J Med Genet 1999;36:485-489 ( June )

Short report

A consanguineous family with Hirschsprung disease, microcephaly, and mental retardation (Goldberg-Shprintzen syndrome) Alice S Brooks^{a b}, Martijn H Breuning^{a c}, Jan Osinga^d, Jasper J vd Smagt^c, Corine E Catsman^e, Charles H C M Buys^d, Carel Meijers^{b f}, Robert M W Hofstra^d

^a Department of Clinical Genetics, Erasmus University and University Hospital, Rotterdam, The Netherlands, ^b Department of Paediatric Surgery, Erasmus University and University Hospital, Rotterdam, The Netherlands, ^c Department of Clinical Genetics, University Hospital Leiden, The Netherlands, ^d Department of Medical Genetics, University of Groningen, The Netherlands, ^e Department of Child Neurology, Erasmus University and University Hospital, Rotterdam, The Netherlands, ^f Department of Cell Biology and Genetics, Erasmus University and University Hospital, Rotterdam, The Netherlands

Correspondence to: Dr Meijers, Department of Cell Biology and Genetics, Erasmus University, PO Box 1738, 3000 DR Rotterdam, The Netherlands.

Received 10 June 1998; Revised version accepted for publication 22 October 1998

Hirschsprung disease, mental retardation, microcephaly, and specific craniofacial dysmorphism were observed in three children from a large, consanguineous, Moroccan family. A fourth child showed similar clinical features, with the exception of Hirschsprung disease. The association of these abnormalities in these children represents the Goldberg-Shprintzen syndrome (OMIM 235730).
  Mutation scanning of genes potentially involved in Hirschsprung disease, RET, GDNF, EDN3, and EDNRB, showed a sequence variant, Ser305Asn, in exon 4 of the EDNRB gene in the index patient of this family.
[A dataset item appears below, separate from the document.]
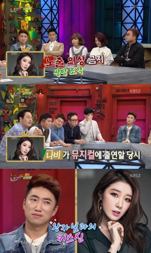 가수 나비가 장동민 때문에 뮤지컬에서 키스신을 삭제한 일화를 밝혔다.

The Ser305Asn substitution present in two of the four patients and four healthy relatives and absent in one of the remaining two patients illustrates the difficulties in interpreting the presence of mutations in families with Hirschsprung disease. It is unlikely that the EDNRB variant contributes to the phenotype. This consanguineous family might be useful for the identification of a Goldberg-Shprintzen locus.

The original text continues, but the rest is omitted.